この風景に見覚えがあるだろうか? 今はない大きなポプラ。2006年8月21日に危険木として伐採されたのだ。もう見られない(寂)。
今はない この木何の木 ランドマークの木?
札幌コンサートホール前にあった巨大ポプラ。2006年8月10日撮影
「キタラ前の名物ポプラが危険木として伐採されました」
「コンサートには何回も行ったが、ポプラには気づかなかったな」
「皆さんの無関心がこの木を倒したのです!」
「危険木なんだろう。突然倒れたら危ないじゃないか」
「2004年の猛烈な台風18号でもびくともしない。倒れるもんですか」
「ポプラは風に弱い。あの台風でもバタバタ倒れたぞ」
シンボル的な大木がなくなり空だけが虚しく広がる。2012年10月12日
「大きなポプラがなくなって寂しくなりましたね」
「ポプラの下敷きになる心配もない。俺は嬉しいサッパリしたよ」
「景観に関して、大木が果たす役割の大きさを感じます」
「重さも感じるねぇ。危険木があったら怖くて歩けないよ」
「実は、この木の役割は景観だけではないのです」
「そうかい」
百花園のあった1970年代の写真。札幌市文化資料室所蔵
「右上に直立したポプラが見えますね」
「なるほど。あの木の後ろにキタラが建ったんだな」
「あのポプラのお陰で、今はなき百花園の位置を推測できるのです」
「つまり、目印として役立っているのだな」
「そのとおり! ランドマークとしても重要なポプラでした」
百花園の跡地。中島公園ほぼ中央の「香の広場」。2004年4月8日撮影
「藻岩山とキタラ前のポプラを見れば百花園だったことが分かります」
「ビルが邪魔だな。藻岩山が見えなくなってしまうぞ」
「心配ですね。藻岩山の景観があってこその中島公園です」
キタラ前のポプラが伐採された後の「香の広場」。2011年7月11日
「木が生い茂っていても、キタラが見えるから便利じゃないか」
「全ての園路はキタラに通じています。迷うことなどありません」
「寄り道もしたいし、近道もしたいぞ」
「それではポプラの跡地に目印を建てましょう」
「新しいランドマークか。ポプラと同じ高さがいいな」
「ここに中島公園のシンボル的なポプラがあったと書くのです」
中島公園の歴史は札幌の歴史そのものと思う。例えば、このポプラにしても時代とともに周囲は変化してきた。最初は明治・大正時代の岡田花園、次に昭和初期の初代「子供の国」、新設された「子供の国」、そして現在の札幌コンサートホール・キタラ。
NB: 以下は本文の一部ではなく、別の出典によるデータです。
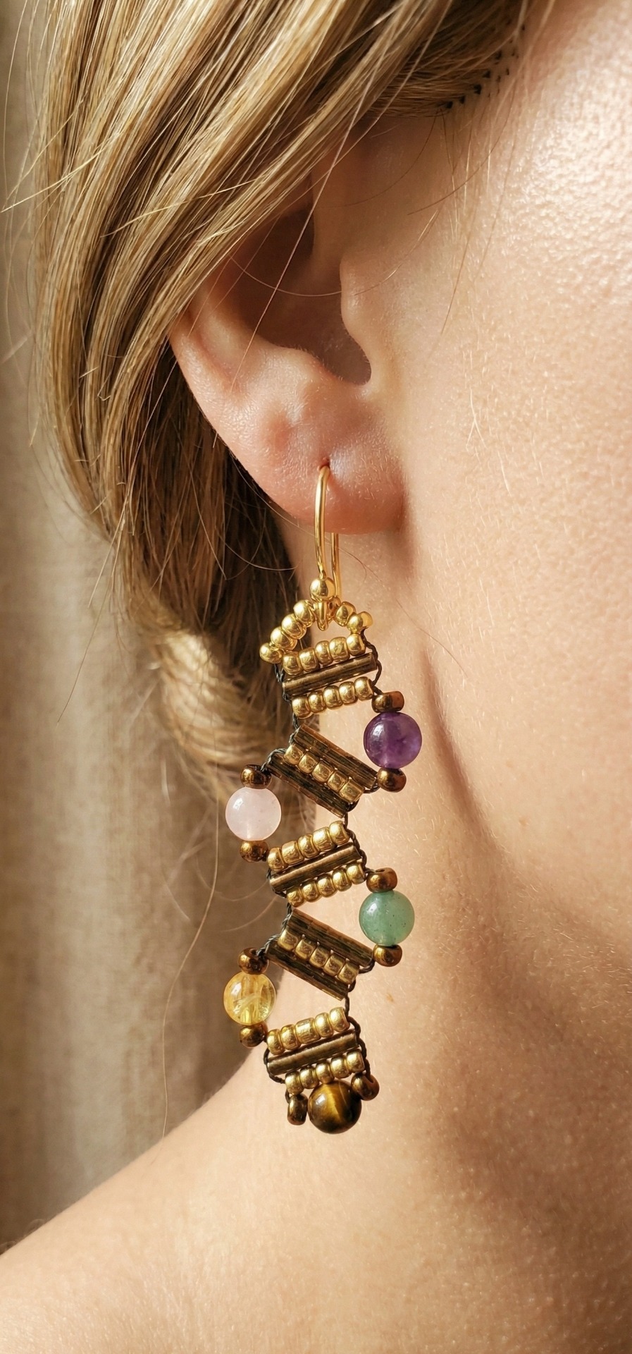 Cercei din margele de sticla japozesa si cristale naturale, cu tortite inoxidabile
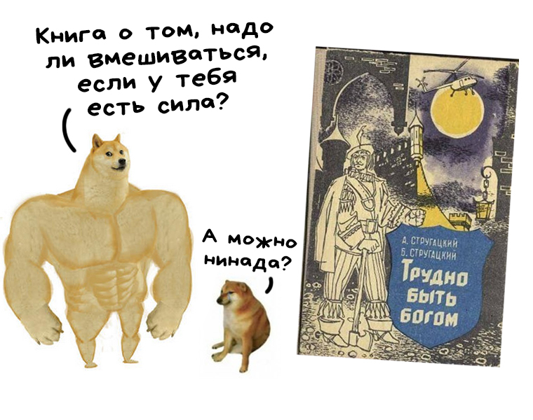 Ну ладно, Стругацких читал? Про прогрессоров там, или Жука в муравейнике, или Трудно быть богом? Вот, это оно только в меньшем масштабе.
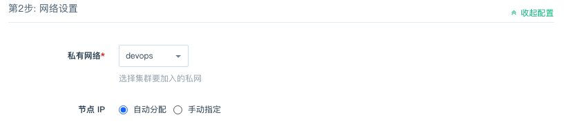 选择集群主机所在的私网,私网需要在创建集群前准备好。
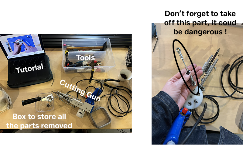 We each have a Cutting Gun, and the particular feature of this model is that it has a pair of small scissors built into it. With every back-and-forth movement of the needle, the scissors follow to cut the yarn pushed through the fabric to create fringes. The first step, therefore, is to remove these scissors since we don’t need them, they can even become dangerous.
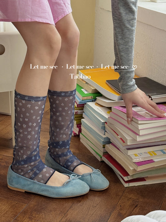 LET ME SEE - Kawaii Sheer Floral Footless Mid Socks
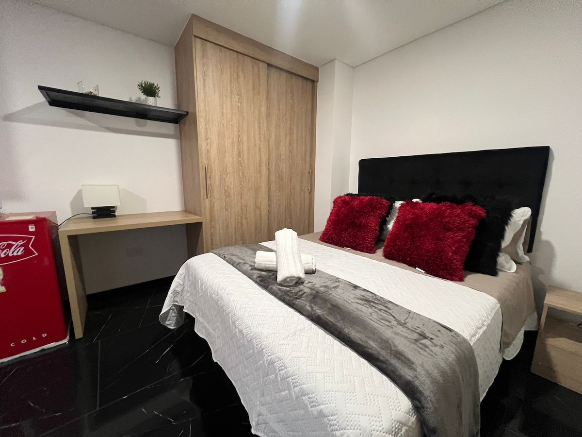 Ven y disfruta de un apartamento nuevo ya sea para ti solo,con tu pareja o con toda tu familia donde encontrarás: 1. Jacuzzi para dos personas dentro del apartamento. 2. Parque acuático con toboganes balde y piscina de adultos y niños. Jacuzzi Área de bronceo. 3. Estacionamiento vigilado y gratuito. 4. Chapa inteligente para ingreso automático. 5. Cama king 2x2 gigante para descanso absoluto. 6. Cocina amplia y dotada para las mejores recetas. 7.Cancha de baloncesto y micro futbol.
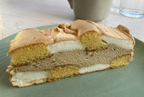 Baiser: 4 Eiklar 100g Erythrit 1 Spritzer Essig Biskuit: 4 Dotter 2 Eier 50g Stauberythrit 40g Mandelmehl 20g Lupinienmehl etwas Zitronenabrieb Creme: 2 Blatt Gelatine 350g Schlagsahne 80g Stevia-Erythrit Mischung (1:1 wie Zucker) optional 1 EL Rum 3-4 TL Löskaffeepulver (2-3 Säckchen)
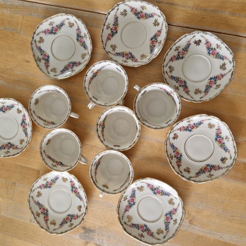 9 kopper. 13 asjetter og 13 kaffeskåler.
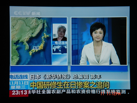 中新網(wǎng)11月13日電 據(jù)日本新華僑報(bào)網(wǎng)報(bào)道,11月8日,日本熊本縣發(fā)生中國(guó)農(nóng)業(yè)研修生王寶泉自殺以及與此相關(guān)的命案!度毡拘氯A僑報(bào)》作為華文媒體在第一時(shí)間進(jìn)行了報(bào)道,經(jīng)過(guò)中國(guó)門(mén)戶網(wǎng)站轉(zhuǎn)載后,引起強(qiáng)烈反響。11月11日晚上,中國(guó)中央電視臺(tái)新聞?lì)l道24小時(shí)節(jié)目對(duì)該報(bào)總編輯蔣豐作了連線采訪。
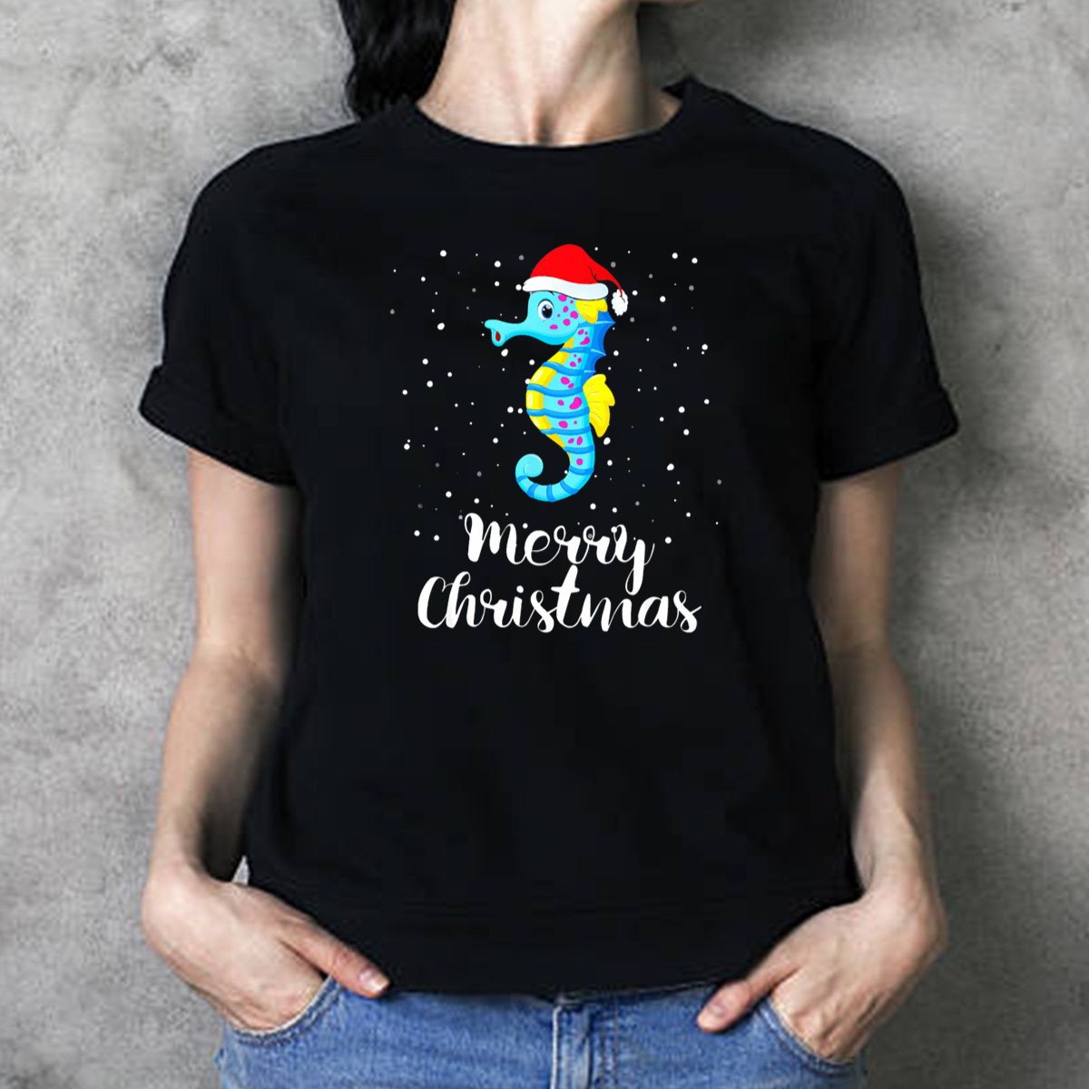 Celebrate the festive season with our Merry Christmas Seahorse T-Shirt, a delightful addition to your holiday wardrobe! Perfect for ocean lovers and those looking to add a whimsical touch to their casual wear, this shirt features an adorable seahorse adorned with a Santa hat and surrounded by cheerful snowflakes. Whether you’re attending a themed event, gathering with family, or simply enjoying daily wear, this unique fan-made design printed in the USA is sure to bring smiles and holiday cheer wherever you go.
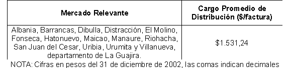 Que la Comisión de Regulación de Energía y Gas, en su sesión 232 del 23 de marzo de 2004, aprobó el Cargo Promedio por Uso del Sistema de Distribución y el Cargo Máximo Base de Comercialización del Mercado Relevante conformado por los municipios de Albania, Barrancas, Dibulla, Distracción, El Molino, Fonseca, Hatonuevo, Maicao, Manaure, Riohacha, San Juan del Cesar, Uribia, Urumita y Villanueva, departamento de La Guajira.
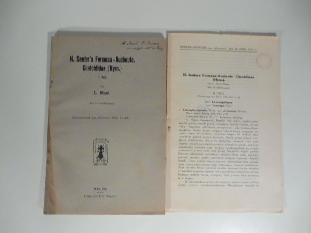 H. Sauter'S Formosa-Ausbeute Chalcididae (Hym.) von L. Masi | Libri antichi e moderni | Masi L.
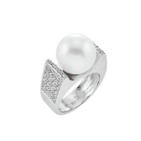 South Sea Pearl Canvas Earrings with two 13.70ct south sea pearls and six 0.16ct brilliant-cut diamonds in 4.10gr 18k white gold.
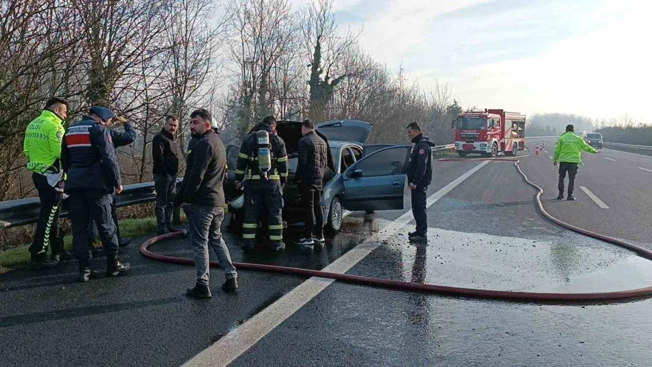 Düzce(İHA) – Kahramanmaraş merkezli meydana gelen 2 büyük depremin ardından Diyarbakır'dan İstanbul'a giden ailenin otomobili tem otoyolu Düzce kesiminde yandı.
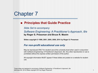 This document contains summaries of principles that guide various aspects of software engineering such as process, practice, modeling, construction, testing, and deployment. It lists over 100 principles across 24 slides related to topics like being agile, focusing on quality, adapting processes, effective communication, managing risk, and testing exhaustively but recognizing limits. The document is designed to accompany a software engineering textbook and provide high-level guidance for practitioners.
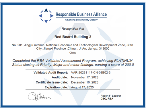 江西紅板科技股份有限公司于2019年首次獲得RBA認證,鉑金等級(得分:200,總分:200),體現紅板在社會責任方面的重視和付出。紅板承諾會一如既往地滿足RBA認證要求,重視社會責任,持續改善在社會責任方面的績效。
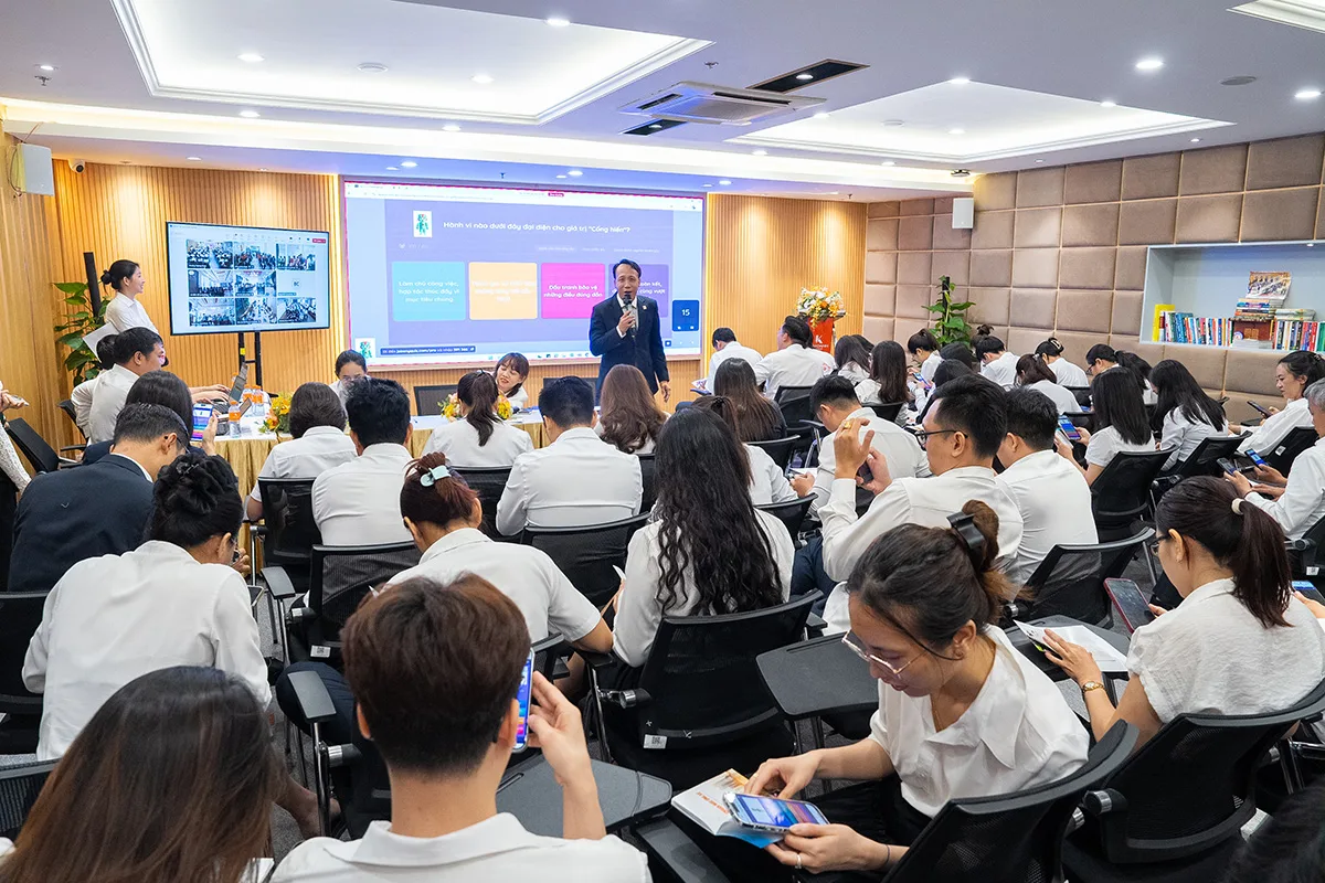 Dù được tổ chức dưới hình thức trực tuyến nhưng không khí tại các điểm cầu kết nối lại sôi động không kém gì một hội trường lớn. Từ Trụ sở đến các chi nhánh, từ các khối văn phòng đến các khối kinh doanh, từ lãnh đạo, các cấp quản lý đến cấp chuyên viên, từ những nhân sự thâm niên dày dặn đến những nhân sự vẫn đang thử việc, tất cả đều rộn ràng tiếng nói cười, sự hồi hộp, háo hức và tinh thần quyết tâm cao độ. Những gương mặt rạng rỡ, ánh mắt chăm chú theo dõi màn hình và những cú click chuột đầy tập trung đã tạo nên một “cuộc đua tri thức” trên hành trình văn hóa doanh nghiệp đầy hào hứng, sôi nổi và gắn kết.
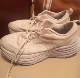 Zapatillas HOKA ONE ONE Bondi 8, color marrón oliva, talla 38 EU (US 6.5 / UK 5.5). Modelo icónico de la marca con máxima amortiguación y suela ultra ligera, diseñadas para ofrecer comodidad y soporte en largas caminatas o entrenamientos. 🟤 Detalles: • Talla: 38 EU • Amortiguación HOKA característica • Muy cómodas y ligeras • Presentan signos de uso y un pequeño roto en la malla delantera (ver última foto) • Suela y plantilla en buen estado 💬 Acepto ofertas razonables. 📦 Envío rápido y bien protegido
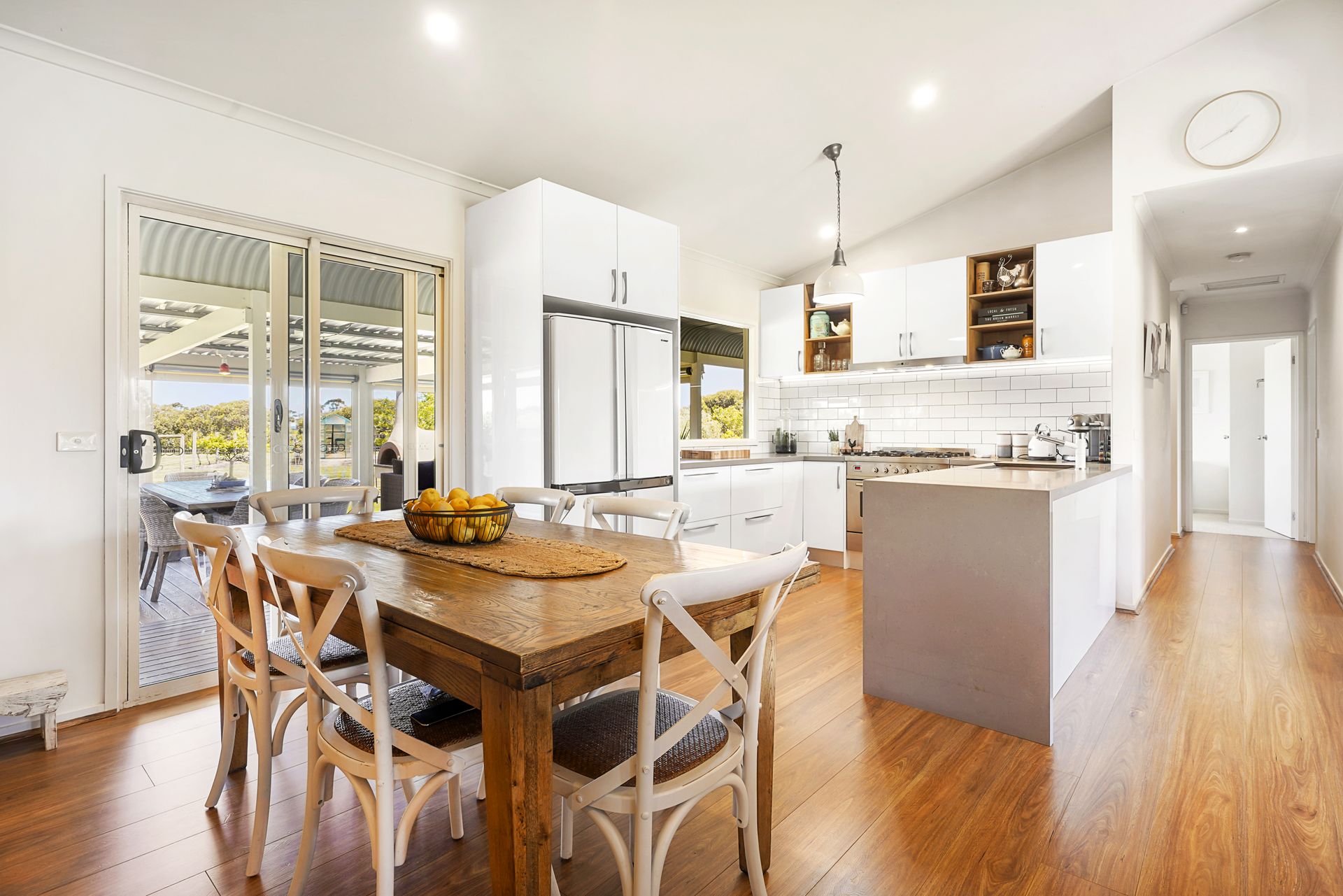 A family home offering 4 bedrooms plus study, 2 bathrooms and modern kitchen with dining area provides views of every room to enjoy the many aspects of the property. Spacious lounge area overlooking the rose garden plus outdoor covered dining/entertaining area with built-in bbq kitchen, large pizza oven and fire pit area capturing gorgeous sunset views.
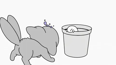 A hybrid animation scene created in Blender that combines two-dimensional and three-dimensional elements. The project file includes a 3D bucket model integrated with 2D character animations, serving as an example of mixed-media animation techniques.
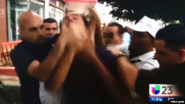 Agentes de civil tapan la boca del opositor cubano Lázaro Yuri Valle mientras grita "¡Vivan los derechos humanos!" (Univisión)
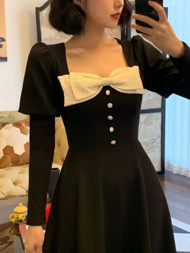ロング ブラック リボン 長袖 スプリング 春物 ビンテージ アリエクWWJULYストア85331551322
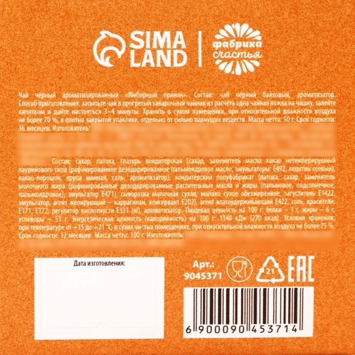 Состав: чай чёрный байховый, ароматизатор.
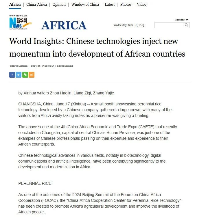 近日,新华社发布中非经贸博览会英文特别报道,聚焦中非科技合作的丰硕成果。一粒种子改变世界,一项技术联结中非。在圆满落幕的第四届中非经贸博览会上,中国自主研发的多年生稻技术成为非洲代表争相了解的焦点,这背后是中国农业科技助力非洲粮食安全的生动实践。
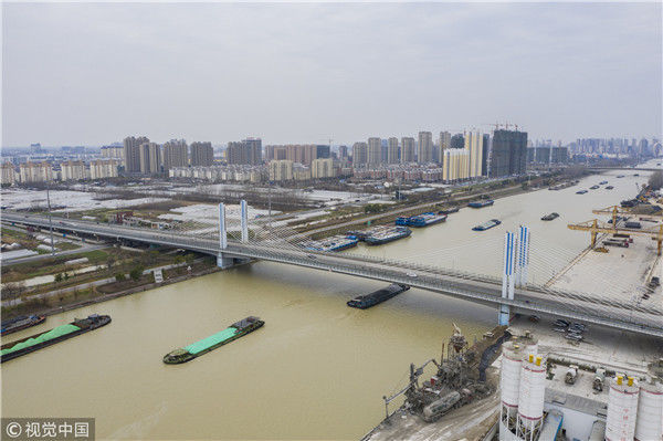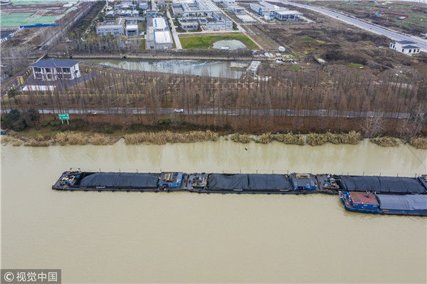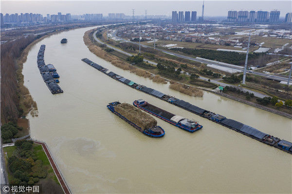 2018年12月27日,江蘇淮安,航拍京杭大運(yùn)河淮安段冬日景色。吳揚(yáng)/視覺中國

周囲が変化しても、ポプラは同じ位置に立っていた。そして、2006年8月21日に危険木として伐採された。大きなポプラとともに歴史上のランドマークを失ってしまったのだ。
古い写真を見ても、この木があることにより現在の場所か分かる。しかし、なくしたら目印を失い分からなくなってしまう。代替物が必要と思う。
2006年8月21日 危険木としてキタラ前のポプラ伐採
2006年11月5日、「中島パフェ」掲示板に投稿があった。
「……以前キタラ前広場の南にあった大きなポプラはいつ、どうして伐採されたんでしょうか。大好きな樹だっただけになくなってしまって残念でなりません」
私も残念でならないが、危険木として8月21日に伐採された。木に縛り付けられた「お知らせ」に次のように書いてあった。「この木は倒木の恐れのある危険木であるため、8月21日に伐採いたします」
実に堂々としたポプラだ。しかもランドマークの役目も果たしていた。古い写真を見るとき興味をそそるのは「ここが現在のどこ?」という疑問。それほど、中島公園は変遷を重ねて来ていたのだ。大切な緑とともに、場所特定の決め手となる目印を失ってしまった。
伐採作業は大型クレーンや高所作業車を要する大掛かりなものだった。
枝が切り落とされ最後は根元から切られた。巨大ポプラの見納め。
根元のほうも何となく傷んでいる感じだが、どうなんだろう?
これは大きな空洞! 中を見れば何時倒れるか分からない感じがする。
大きなポプラがある風景は二度と見られない。理屈は分かるが寂しい。